Go to the line with "7.3.1 Buy Wilson" in the records below, then output it and each following line exactly, up to and including the line with "A foreigner shows". Skip pictures and add nothing.

DATA Start Marker

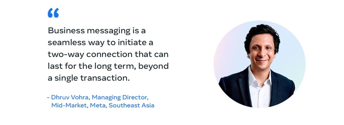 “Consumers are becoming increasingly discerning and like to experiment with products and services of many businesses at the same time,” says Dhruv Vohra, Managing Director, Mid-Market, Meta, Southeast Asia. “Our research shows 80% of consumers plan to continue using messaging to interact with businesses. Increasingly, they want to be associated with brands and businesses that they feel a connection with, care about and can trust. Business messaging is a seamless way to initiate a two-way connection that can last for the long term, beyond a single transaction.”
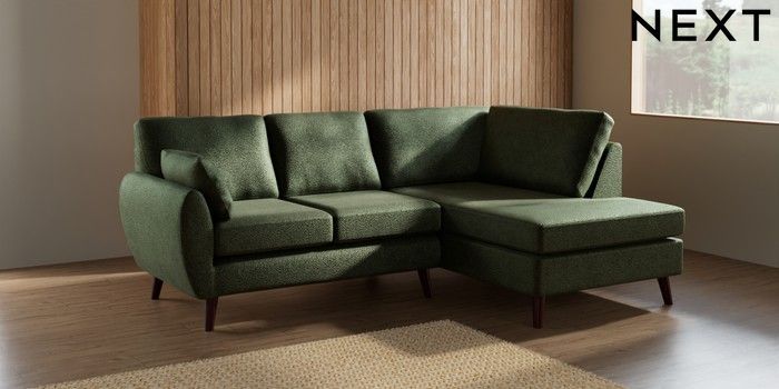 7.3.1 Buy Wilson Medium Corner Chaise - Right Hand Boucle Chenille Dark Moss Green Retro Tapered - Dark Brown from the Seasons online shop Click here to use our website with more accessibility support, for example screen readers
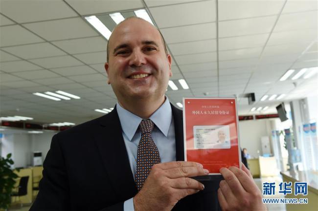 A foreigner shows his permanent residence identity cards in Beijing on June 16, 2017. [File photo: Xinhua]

DATA End Marker
DATA Start Marker

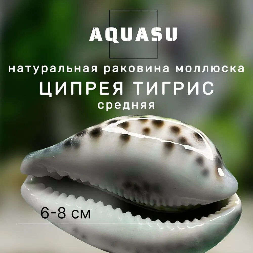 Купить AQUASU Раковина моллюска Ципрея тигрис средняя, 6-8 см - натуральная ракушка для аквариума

DATA End Marker

TASK RESULT:
 7.3.1 Buy Wilson Medium Corner Chaise - Right Hand Boucle Chenille Dark Moss Green Retro Tapered - Dark Brown from the Seasons online shop Click here to use our website with more accessibility support, for example screen readers
 A foreigner shows his permanent residence identity cards in Beijing on June 16, 2017. [File photo: Xinhua]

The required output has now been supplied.